Stored items from a collection:

* * * * * * *

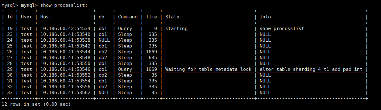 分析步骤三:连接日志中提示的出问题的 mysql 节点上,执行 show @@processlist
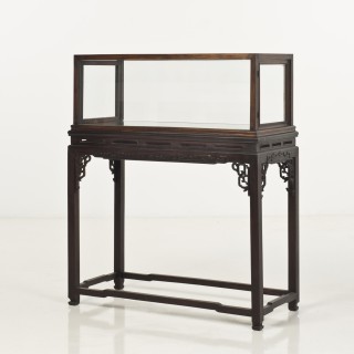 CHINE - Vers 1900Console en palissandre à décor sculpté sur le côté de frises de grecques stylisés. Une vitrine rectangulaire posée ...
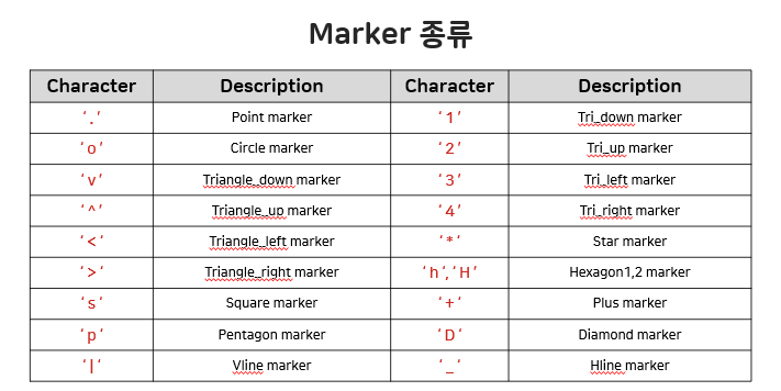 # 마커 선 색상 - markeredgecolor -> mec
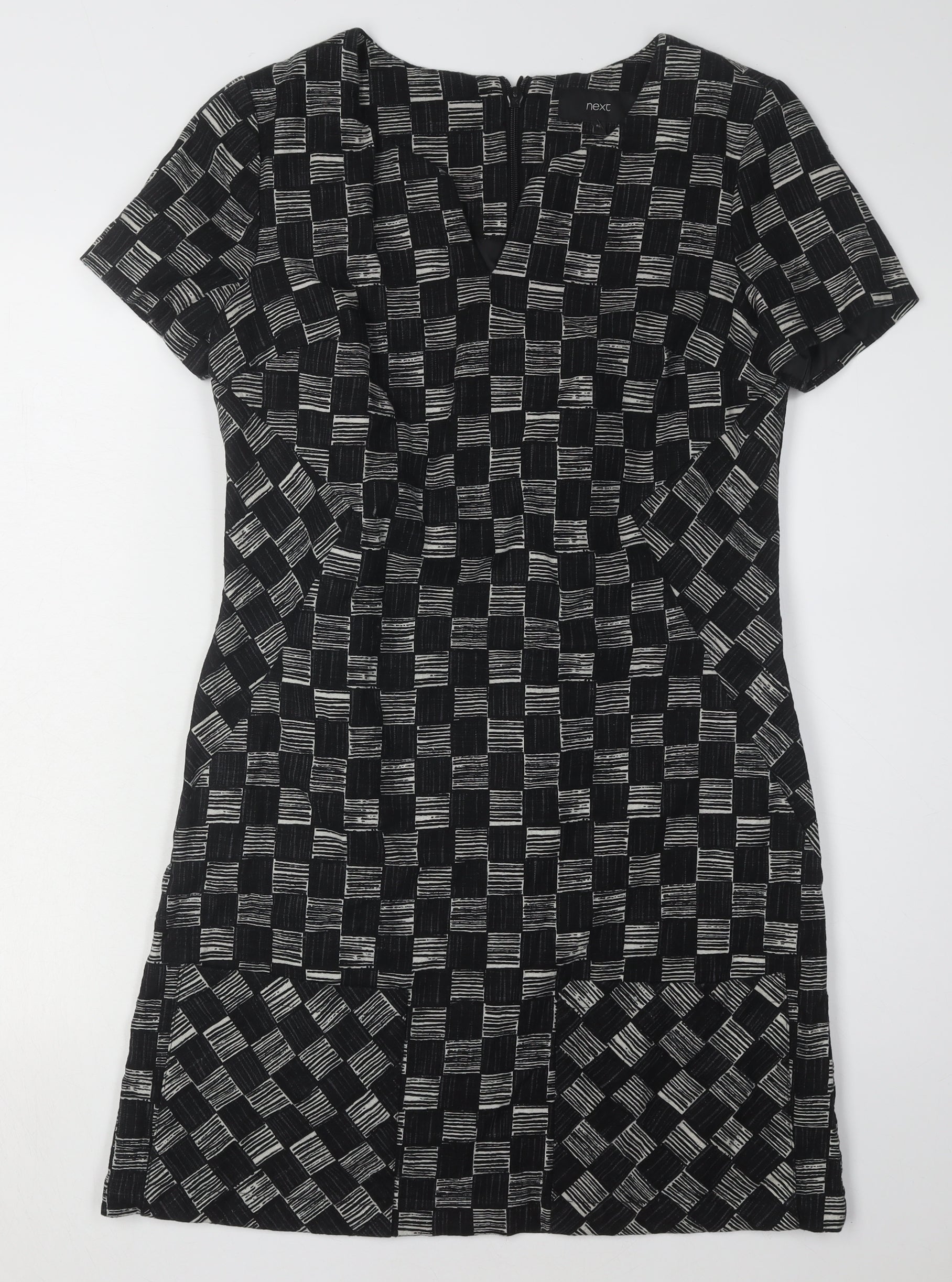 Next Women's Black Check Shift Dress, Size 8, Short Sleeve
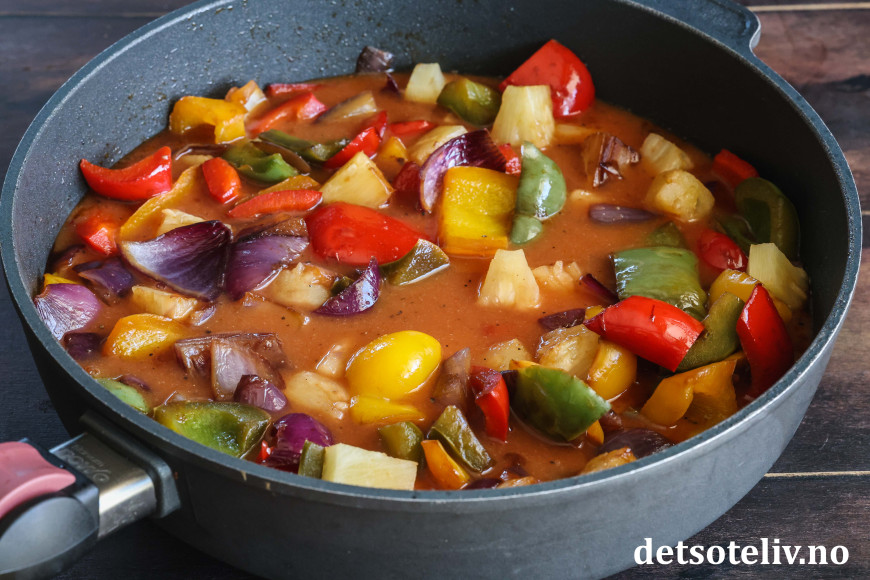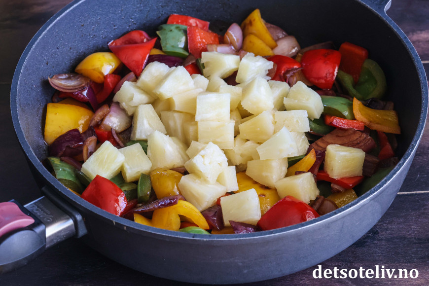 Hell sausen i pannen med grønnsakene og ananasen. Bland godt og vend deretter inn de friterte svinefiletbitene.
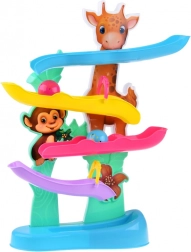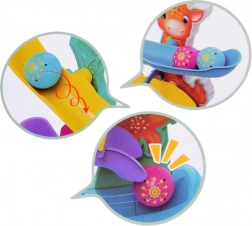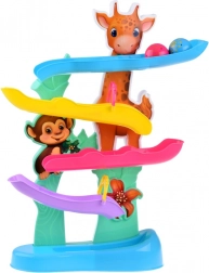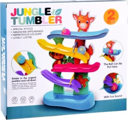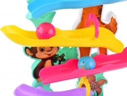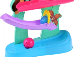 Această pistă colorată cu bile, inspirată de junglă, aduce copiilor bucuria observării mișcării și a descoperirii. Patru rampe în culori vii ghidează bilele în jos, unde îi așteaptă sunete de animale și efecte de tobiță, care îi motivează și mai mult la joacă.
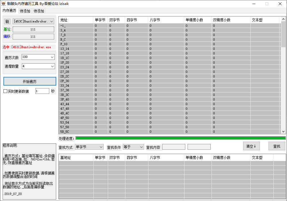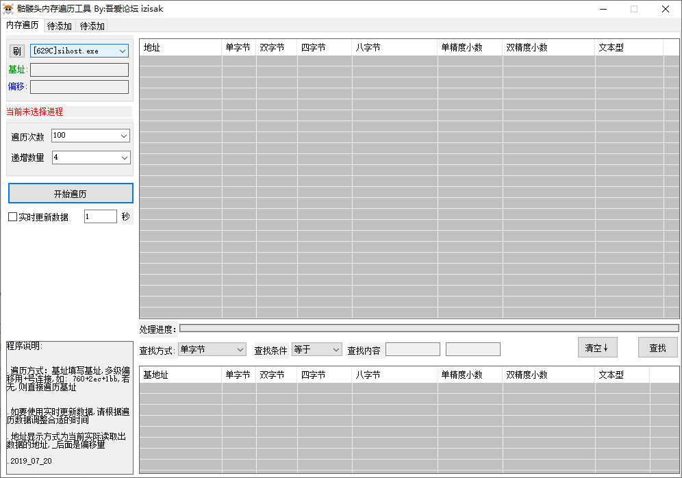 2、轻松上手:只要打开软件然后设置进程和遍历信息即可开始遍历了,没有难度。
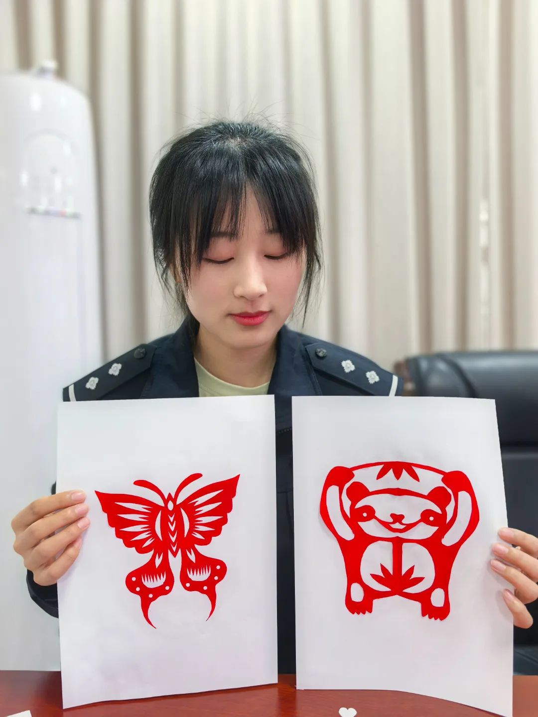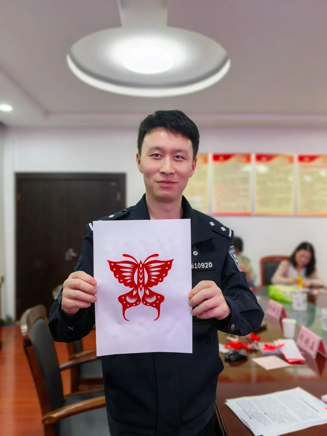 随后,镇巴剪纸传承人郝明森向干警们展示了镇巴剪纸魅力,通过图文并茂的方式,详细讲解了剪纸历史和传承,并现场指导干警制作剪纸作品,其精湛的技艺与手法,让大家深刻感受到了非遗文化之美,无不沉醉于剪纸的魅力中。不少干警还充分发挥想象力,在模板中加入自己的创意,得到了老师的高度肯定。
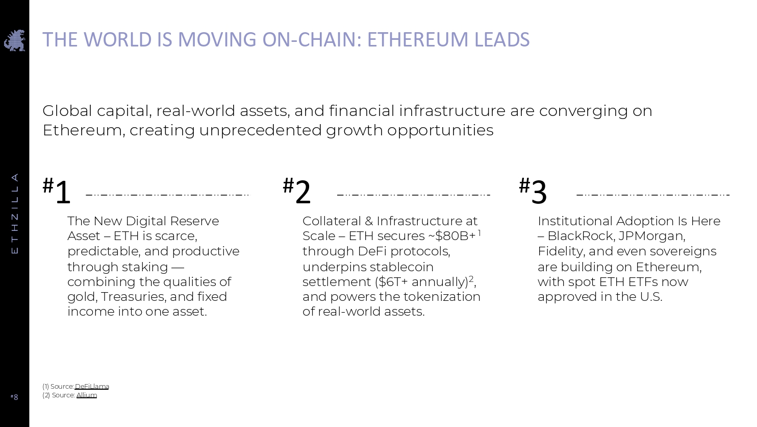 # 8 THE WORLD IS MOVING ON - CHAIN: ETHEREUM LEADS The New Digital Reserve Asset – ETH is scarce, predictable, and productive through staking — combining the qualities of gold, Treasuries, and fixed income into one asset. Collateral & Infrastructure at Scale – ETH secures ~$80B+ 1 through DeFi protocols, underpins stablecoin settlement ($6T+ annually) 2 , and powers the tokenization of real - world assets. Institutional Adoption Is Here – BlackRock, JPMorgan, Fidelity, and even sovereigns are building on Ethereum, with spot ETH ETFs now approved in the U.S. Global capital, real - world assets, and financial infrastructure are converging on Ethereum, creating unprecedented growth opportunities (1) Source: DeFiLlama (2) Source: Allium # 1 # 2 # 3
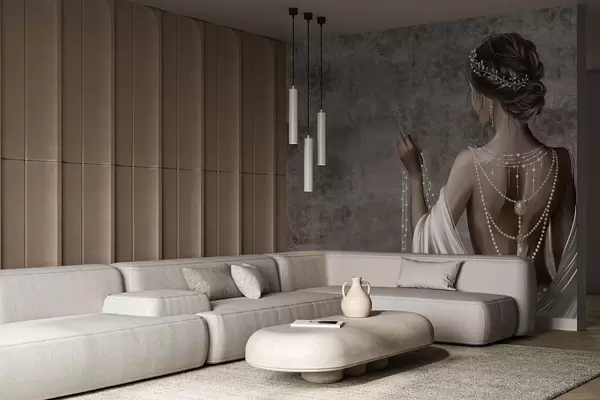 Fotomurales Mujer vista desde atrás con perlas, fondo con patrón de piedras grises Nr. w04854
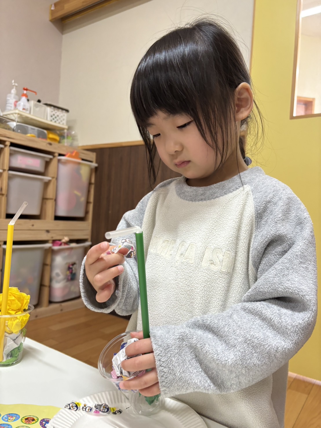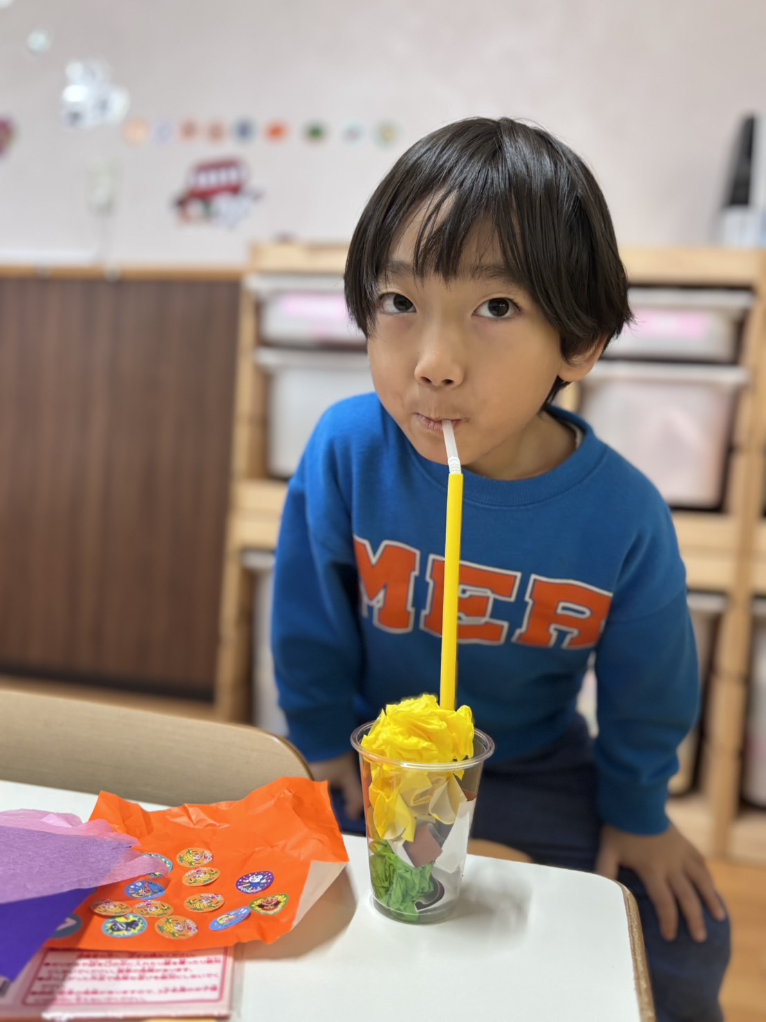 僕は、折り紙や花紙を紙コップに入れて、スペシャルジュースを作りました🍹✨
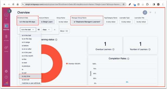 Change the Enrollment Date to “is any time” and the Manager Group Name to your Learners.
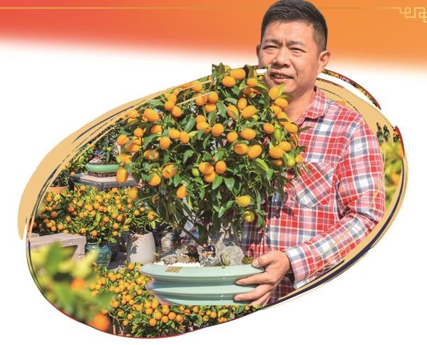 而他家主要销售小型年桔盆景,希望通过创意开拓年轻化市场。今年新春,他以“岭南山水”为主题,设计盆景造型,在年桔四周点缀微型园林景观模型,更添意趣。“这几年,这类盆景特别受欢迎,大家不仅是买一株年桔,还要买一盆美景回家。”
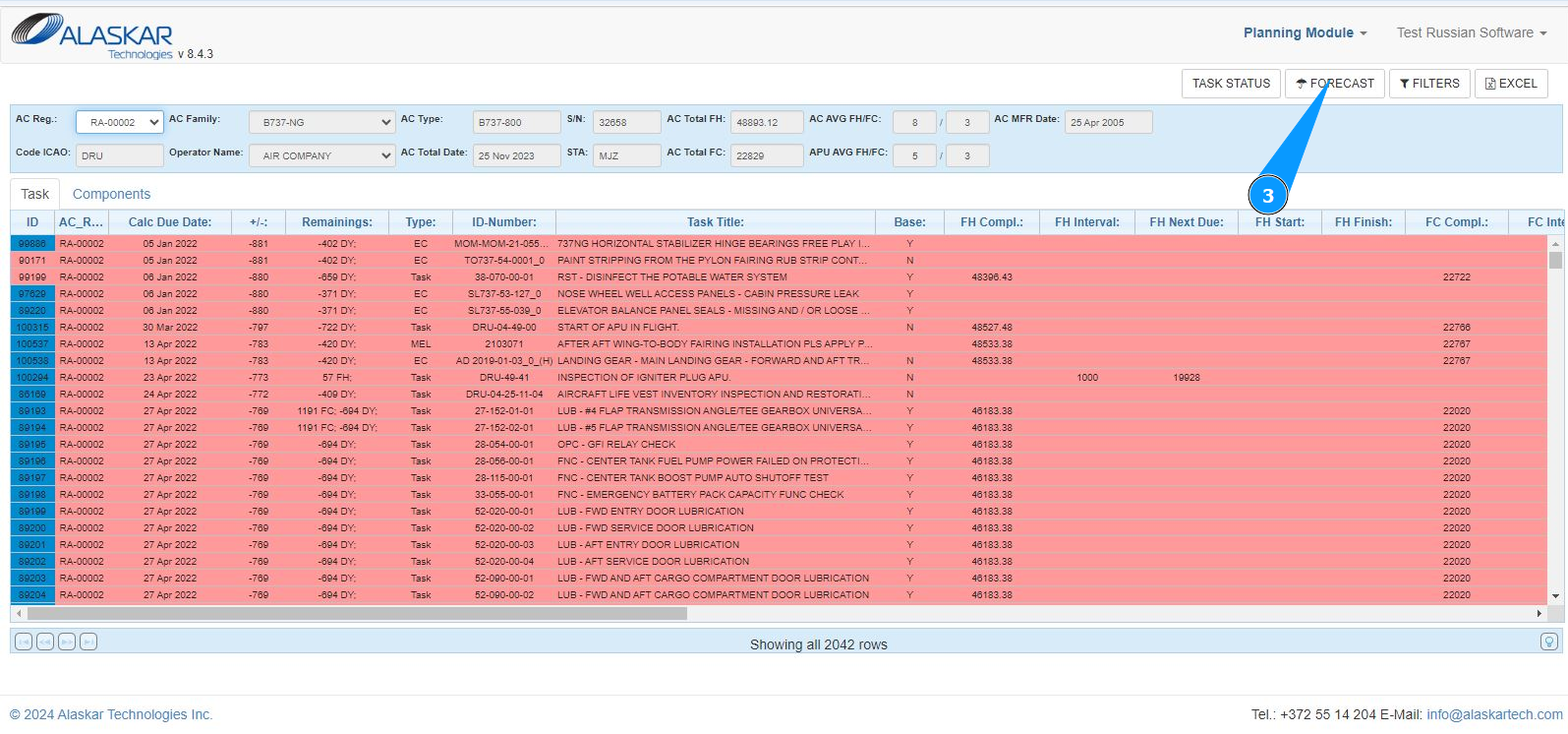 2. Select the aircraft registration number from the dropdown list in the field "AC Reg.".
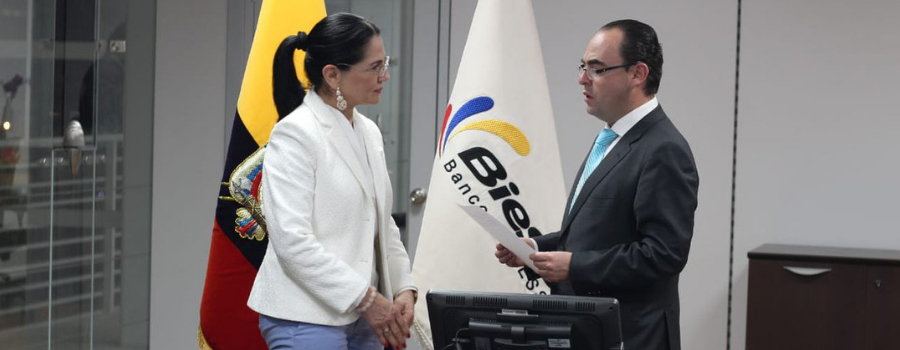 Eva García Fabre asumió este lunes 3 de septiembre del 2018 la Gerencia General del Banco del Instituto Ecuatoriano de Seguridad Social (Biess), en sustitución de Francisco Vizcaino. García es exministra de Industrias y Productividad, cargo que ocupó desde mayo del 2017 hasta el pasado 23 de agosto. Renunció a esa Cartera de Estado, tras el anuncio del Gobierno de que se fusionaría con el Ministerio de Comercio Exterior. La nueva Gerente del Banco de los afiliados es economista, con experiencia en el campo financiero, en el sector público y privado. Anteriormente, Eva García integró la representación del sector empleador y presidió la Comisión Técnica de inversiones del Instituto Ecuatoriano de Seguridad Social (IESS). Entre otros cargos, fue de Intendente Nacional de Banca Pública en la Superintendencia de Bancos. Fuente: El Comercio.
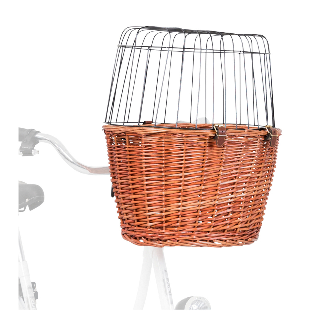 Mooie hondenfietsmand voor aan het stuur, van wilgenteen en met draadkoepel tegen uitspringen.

* * * * * * *

What you return must match the lines above from the one with "僕は、折り紙や花紙を紙コップに入れて、スペシャルジュースを作りました🍹✨" through the one with "2. Select the" exactly, with both ends included and the pictures excluded.

 僕は、折り紙や花紙を紙コップに入れて、スペシャルジュースを作りました🍹✨
 Change the Enrollment Date to “is any time” and the Manager Group Name to your Learners.
 而他家主要销售小型年桔盆景,希望通过创意开拓年轻化市场。今年新春,他以“岭南山水”为主题,设计盆景造型,在年桔四周点缀微型园林景观模型,更添意趣。“这几年,这类盆景特别受欢迎,大家不仅是买一株年桔,还要买一盆美景回家。”
 2. Select the aircraft registration number from the dropdown list in the field "AC Reg.".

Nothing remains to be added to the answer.